Reading repertoire files

immundata provides a flexible system for loading immune receptor repertoire files from different sources -- CSV, TSV and Parquet files, possibly gzipped, with some optionality. The main function for this is read_repertoires(). Below are four ways to pass your file paths and one for convering data from existing immunarch pre-1.0 list objects with $data and $meta.

This section is focused on different ways to work with input files. In the next section we will talk about different data modes – how to read single-chain and paired-chain data in a desired receptor schema.

Single file

If you just have one AIRR file:

R

library(immundata)

inp_file <- system.file("extdata/tsv", "sample_0_1k.tsv", package = "immundata")

idata <- read_repertoires(
    path   = inp_file,
    schema = c("cdr3_aa", "v_call")
)

print(idata)

Vector of file names

For multiple files in a vector:

R

library(immundata)

inp_file1 <- system.file("extdata/tsv", "sample_0_1k.tsv", package = "immundata")
inp_file2 <- system.file("extdata/tsv", "sample_1k_2k.tsv", package = "immundata")

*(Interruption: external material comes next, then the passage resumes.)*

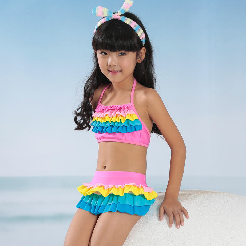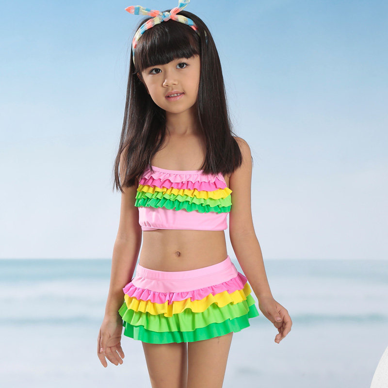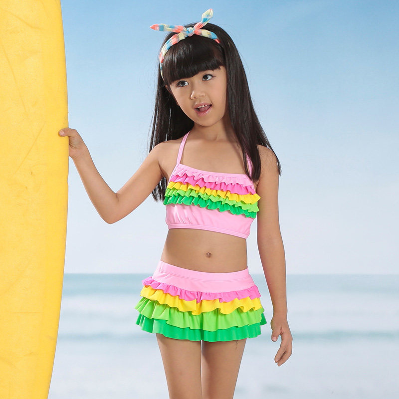 2017 new cute Korean version size girls swimsuit children split baby cake skirt set hot spring swimsuit

file_vec <- c(inp_file1, inp_file2)

idata <- read_repertoires(
    path   = file_vec,
    schema = c("cdr3_aa", "v_call")
)

print(idata)

immundata automatically merges them (depending on your chosen schema), writes the aggregated data into a single directory of Parquet files, and produces a single-cell ImmunData object. Think about it as a huge table instead of smaller multiple repertoire tables.

Glob pattern

If your files follow a consistent naming pattern, you can leverage shell globs:

R

library(immundata)

folder_with_files <- system.file("extdata/tsv", "", package = "immundata")

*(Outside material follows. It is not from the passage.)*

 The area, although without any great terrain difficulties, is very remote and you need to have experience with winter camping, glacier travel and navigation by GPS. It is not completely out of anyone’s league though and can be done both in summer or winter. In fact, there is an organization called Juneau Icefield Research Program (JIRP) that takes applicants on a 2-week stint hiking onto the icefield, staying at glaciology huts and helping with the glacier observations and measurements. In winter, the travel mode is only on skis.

glob_files <- paste0(folder_with_files, "sample*.tsv")

print(glob_files)
# The output is something like "/Library/Frameworks/.../immundata/extdata/tsv/*"
# Mind the star "*" at the end

# For example, all AIRR files in the 'samples/' folder
idata <- read_repertoires(
    path   = glob_files,
    schema = c("cdr3_aa", "v_call")
)

print(idata)

Behind the scenes, read_repertoires() expands the glob with Sys.glob(...), merges the data, and produces a single ImmunData.

Metadata table

Sometimes you need more control over the data source (e.g. consistent sample naming, extra columns). In that case:

Load metadata with read_metadata().
Pass the resulting data frame to read_repertoires(path = "<metadata>", ..., metadata = md_table). Mind the "<metadata>" string we pass to the function. It indicates that we should take file paths from the input metadata table.

An example code:

R

library(immundata)

md_path <- system.file("extdata/tsv", "metadata.tsv", package = "immundata")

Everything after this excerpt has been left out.